I am trying with this code but does not work.
Code:
awk '{
			D[$1]}{key[$1,$2]++}
			END{
			for (i in key) {
			split (i, T, SUBSEP)
			print T[1],key[i], T[2]}}' file

Please can you help me.Smilie
# 2  
Old 08-19-2016
Is yout input ALWAYS two records?
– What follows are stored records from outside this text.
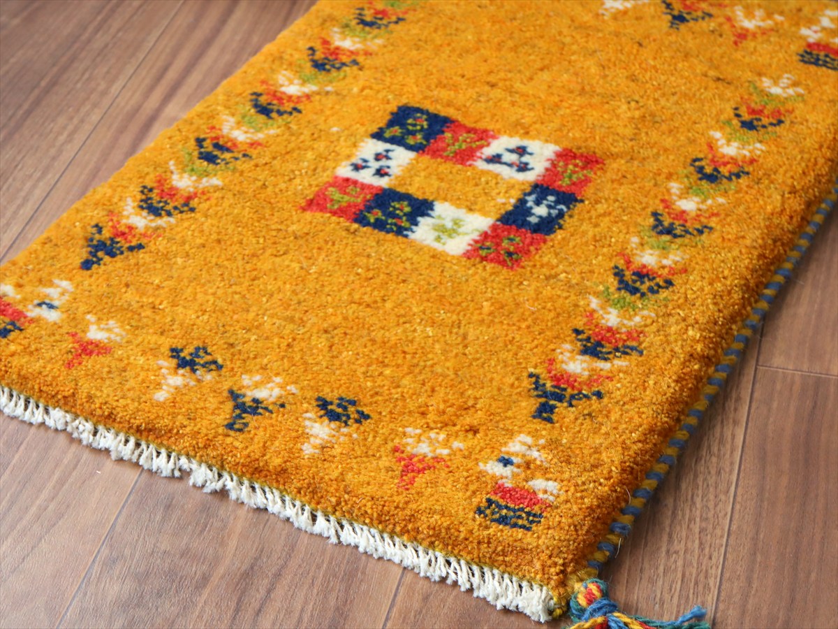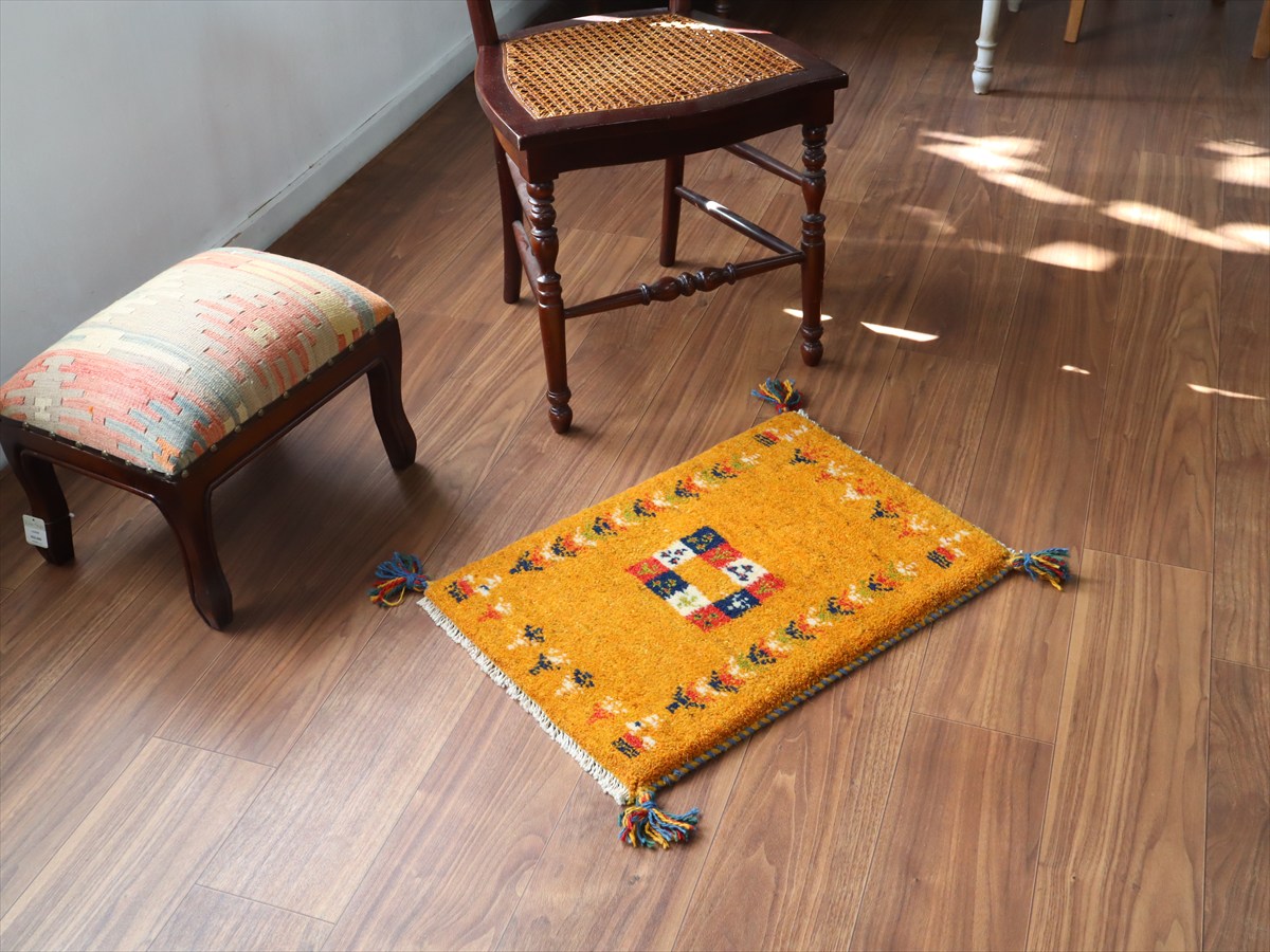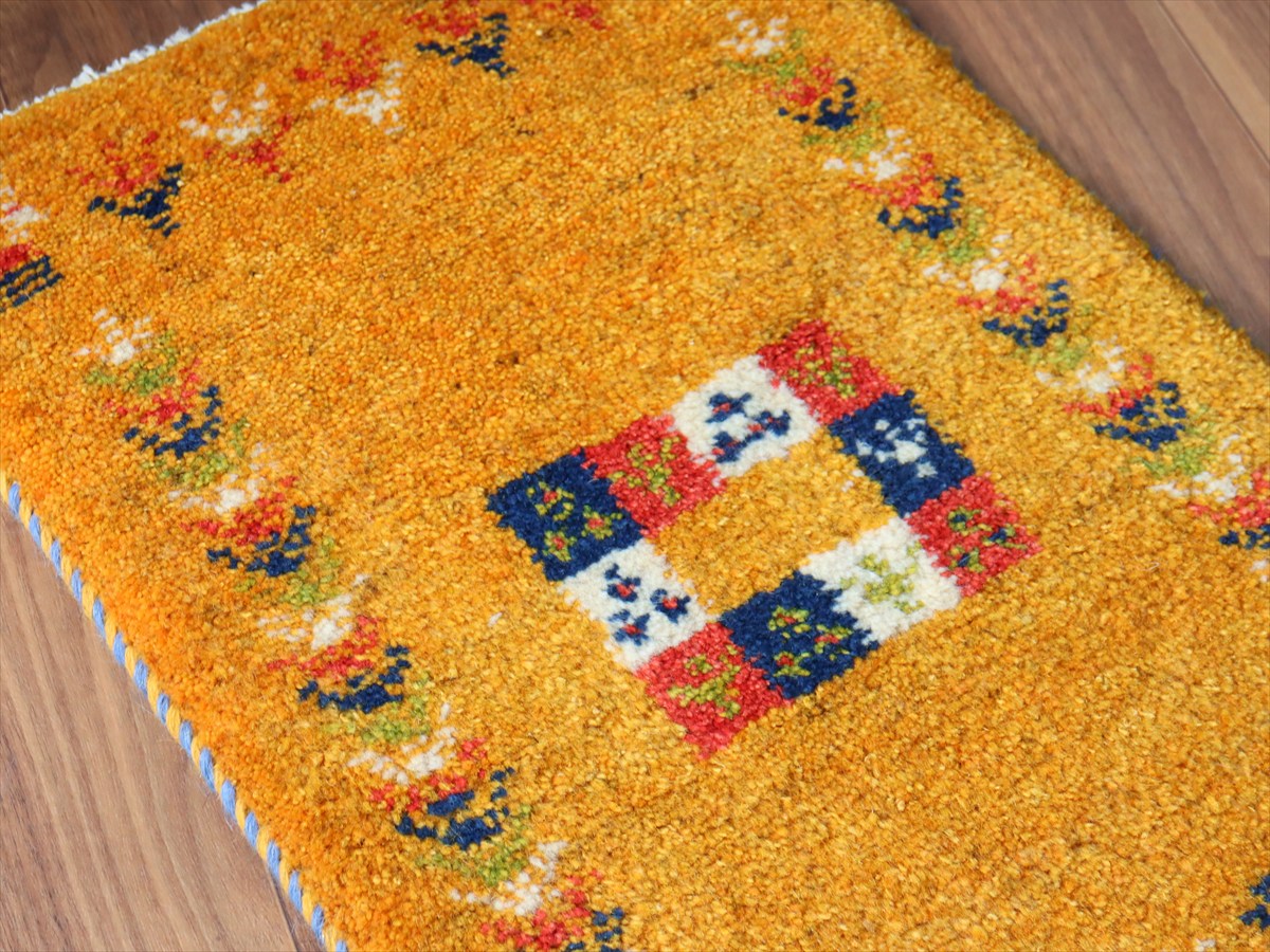毛足を含めたギャッベの厚みは2cm弱で、ぎゅっと目の詰まった織り。
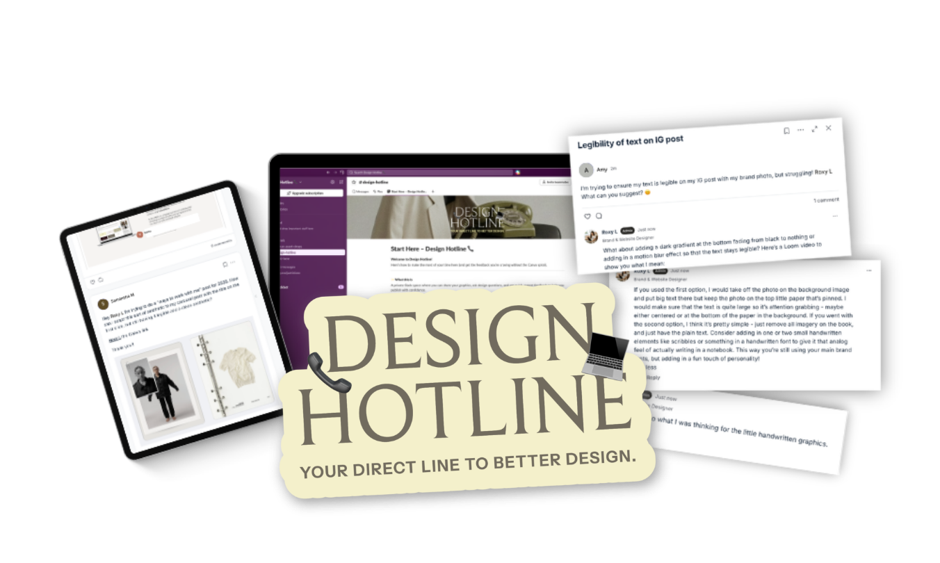 Design Hotline is a monthly design feedback subscription where you can share your graphics, layouts, and visual questions and get clear, professional input before you publish.
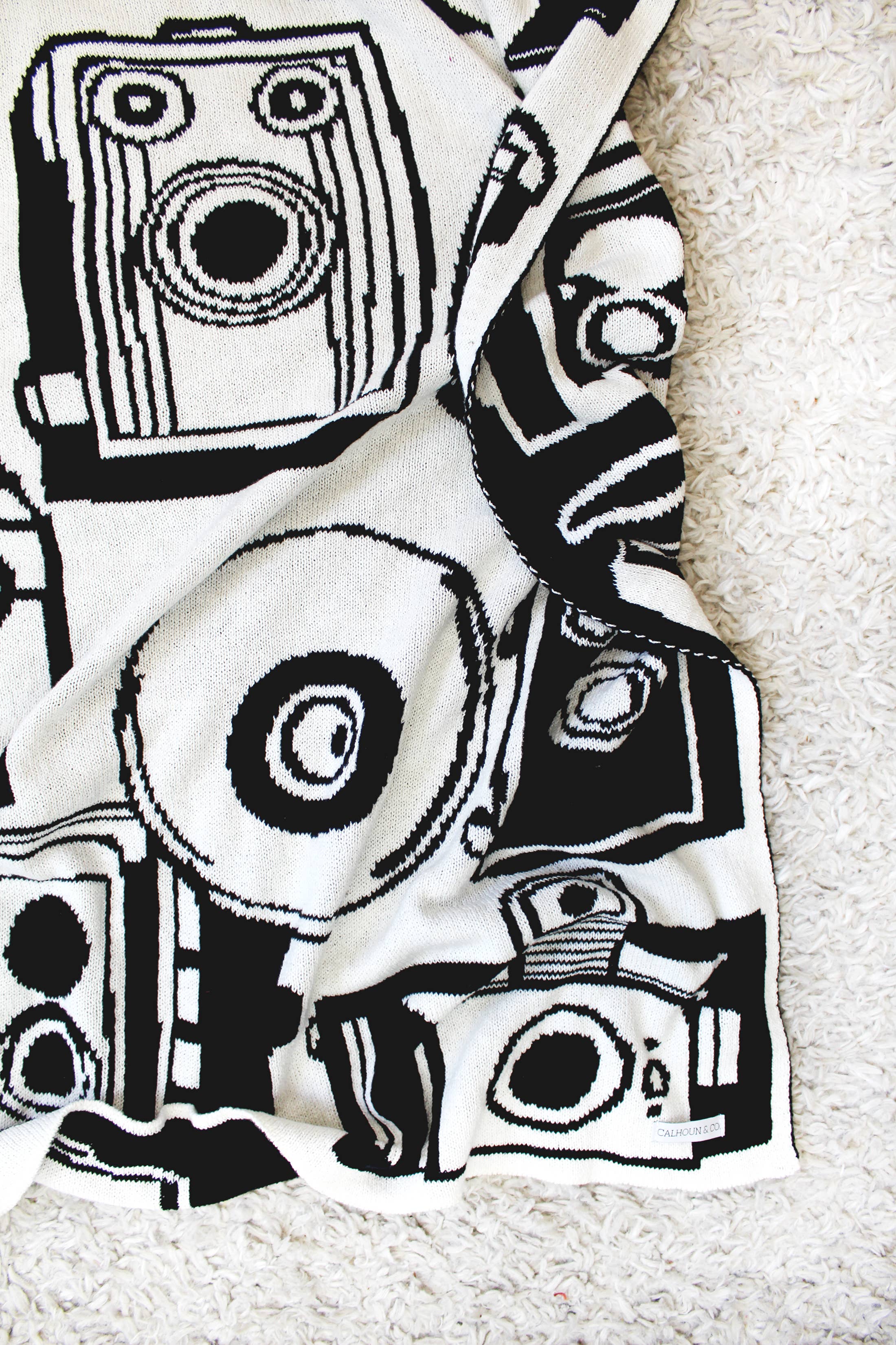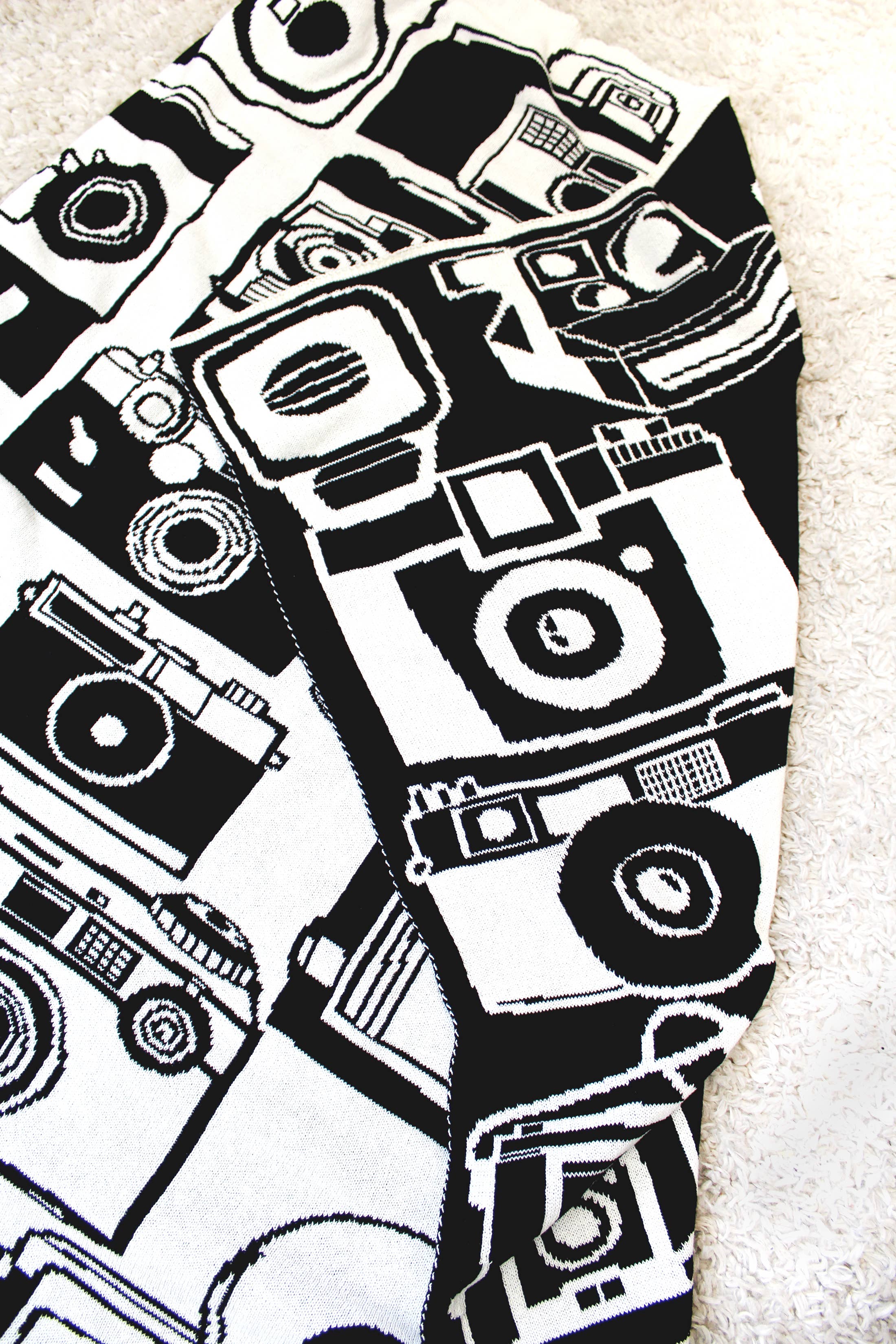 Black & white vintage camera throw blanket. Makes the perfect gift for your photographer friend, or simply your very photogenic self. Selfies have never been cozier. Artist Kerry Stokes creates fun and happy throws with a little humor and a whole lot of color. Your couch has never been cozier.
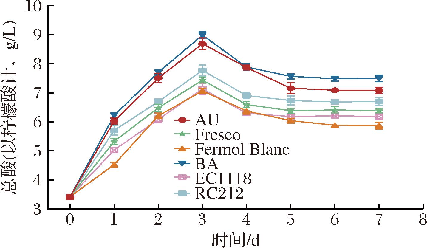总酸度是衡量橘子酒发酵过程稳定性的一个重要指标[22]。对于橘子酒而言,适当的酸度能带来清爽的口感,使得酒体更加平衡。如果酸度过高,可能会使酒的味道过于尖锐或酸涩,失去其应有的果香[22]。发酵过程中总酸度的变化情况如图2 所示,在发酵前期(0~3 d),6种酵母菌株均呈现出总酸快速积累的趋势,增幅达到 3.64~5.57 g/L,并于第3天达到峰值。其中,AU和 BA菌株发酵产生的总酸度峰值最高,分别为(8.70±0.20) g/L和(8.99±0.12) g/L。此阶段总酸度的普遍升高可能与酵母糖酵解过程中有机酸(如琥珀酸、丙酮酸等)的中间产物积累有关[12,22],SONG等[23]和LEE等[24]研究表明在发酵过程中可滴定酸度增加的最大部分的有机酸是琥珀酸[23],同时酵母在酒精发酵过程中,丙酮酸脱氢酶活性会受到一定抑制,丙酮酸向乙酰辅酶 A 的转化受阻,导致丙酮酸积累[25]。随后这些有机酸经历了进一步的代谢过程,最终含量保持稳定。由图2可知,不同酿酒酵母酿造橘子酒的总酸度有明显区别,BA型酵母发酵的橘子酒的最终总酸度最高(7.50±0.11) g/L,而Fermol Blanc型的最终总酸度最低(5.88±0.11) g/L,暗示菌株有机酸代谢路径差异可能会影响酒体的酸度平衡。EC1118、RC212、AU和Fresco型酵母发酵的橘子酒总酸度分别为(6.18±0.11)、(6.70±0.14)、(7.10±0.14) g/L和(6.35±0.07) g/L。
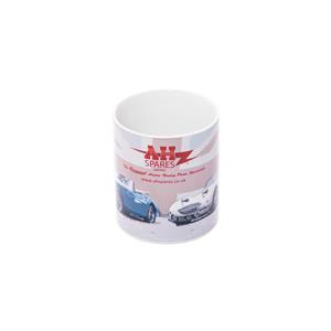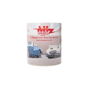 Stylish A.H. Spares branded mug with unique Austin Healey 3000 and Sprite MK1 Frogeye design.
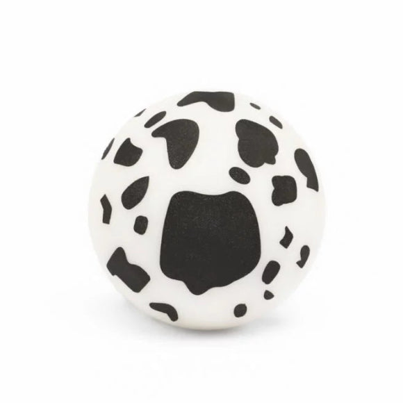 Muuuuh & hopp! Dieser springfreudige Gummiball mit coolen Kuhflecken wird zum neuen Lieblingsspielzeug. Perfekt für kleine Hände, robust für drinnen & draußen – und verpackt in einer süßen Kraftpapier-Schachtel im Tierlook. Weicher, widerstandsfähiger Gummi – hoher Bounce und ein Handliches Format: Ø 43 mm
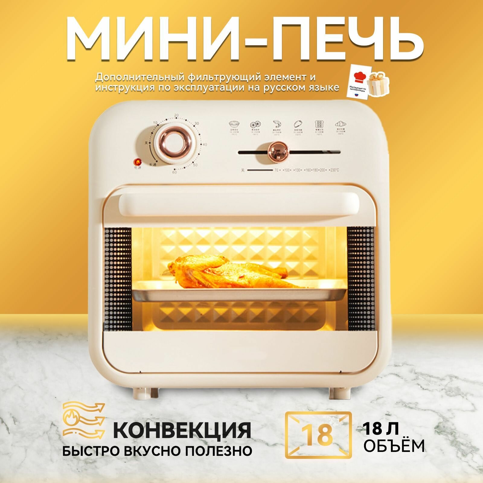 Купить Мини-печь, конвекция, гриль, вертел, 18 литров, мощность 1300 Ватт, белый с доставкой по всей России. Мини-печь, конвекция, гриль, вертел, 18 литров, мощность 1300 Ватт, белый: сравнение цен, характеристики, фото, актуальное наличие и цены.

In sequence?
This User Gave Thanks to RudiC For This Post:
# 3  
Old 08-19-2016
Hello jiam912,

Considering that there are always 2 fields into your Input_file then following may help in same.
I- If you are not worried about the output sequence as like Input_file's sequence.
Code:
awk '{A[$1]=A[$1]?A[$1] OFS $2:$2} END{for(i in A){print i OFS A[i]}}'  Input_file

Output will be as follows.
Code:
3099753489 3 5
3102153285 3 5
3101954341 12 14
3102153297 3 5

II- If you need output in sequence as Input_file, then following may help you in same.
Code:
awk 'FNR==NR{A[$1]=A[$1]?A[$1] OFS $2:$2;next} ($1 in A){print $1 OFS A[$1];delete A[$1]}'  Input_file  Input_file

Output will be as follows.
Code:
3099753489 3 5
3101954341 12 14
3102153285 3 5
3102153297 3 5

Thanks,
R. Singh
This User Gave Thanks to RavinderSingh13 For This Post:
# 4  
Old 08-19-2016
Hi RudiC.

It can be sometimes more than 2 records in secuence

---------- Post updated at 05:14 AM ---------- Previous update was at 05:13 AM ----------

Hi RavinderSingh13.

Thanks a lot
# 5  
Old 08-19-2016
Quote:
Originally Posted by jiam912
Hi RudiC.
It can be sometimes more than 2 records in secuence
Hello jiam912,

In case you have more than 2 fields into your Input_file then following may help you in same, let's say following is the Input_file.
Code:
cat Input_file
3099753489 3
3099753489 5
3101954341 12 21 31  34 56 78
3101954341 14
3102153285 3
3102153285 5
3102153297 3
3102153297 5

Then following is the code for same.
Code:
awk 'FNR==NR{if(NF>2){for(i=3;i<=NF;i++){Q=Q?Q OFS $i:$i}} else {Q=$2};A[$1]=A[$1]?A[$1] OFS Q:Q;next} ($1 in A){print $1 OFS A[$1];delete A[$1]}'  Input_file  Input_file

Output will be as follows.
Code:
3099753489 3 5
3101954341 5 21 31 34 56 78 14
3102153285 3 5
3102153297 3 5

Thanks,
R. Singh
# 6  
Old 08-19-2016
Try also
Code:
awk 'NR == 1 || $1 != LAST {printf "%s%s", NR==1?"":RS, LAST = $1} {printf " %s", $2} END {print _} ' file
3099753489 3 5
3101954341 12 14 16 24
3102153285 3 5
3102153297 3 5

# 7  
Old 08-19-2016
Dear R. Singh

Thanks a lot

And for this case?.

input

Code:
3099753489 3
3099753489 5
3099753489 7
3101954341 12
3101954341 14
3102153285 3
3102153285 5
3102153297 3
3102153297 5
3102153297 8

output

Code:
3099753489 3 5 7
3101954341 12 14
3102153285 3 5
3102153297 3 5 8

Login or Register to Ask a Question

Previous Thread | Next Thread

10 More Discussions You Might Find Interesting

1. Shell Programming and Scripting

Duplicate records

Gents, Please give a help file --BAD STATUS NOT RESHOOTED-- *** VP 41255/51341 in sw 2973 *** VP 41679/51521 in sw 2973 *** VP 41687/51653 in sw 2973 *** VP 41719/51629 in sw 2976 --BAD COG NOT RESHOOTED-- *** VP 41689/51497 in sw 2974 *** VP 41699/51677 in sw 2974 *** VP... (18 Replies)
Discussion started by: jiam912
18 Replies

2. Shell Programming and Scripting

How to keep the last 2 records from duplicate entries?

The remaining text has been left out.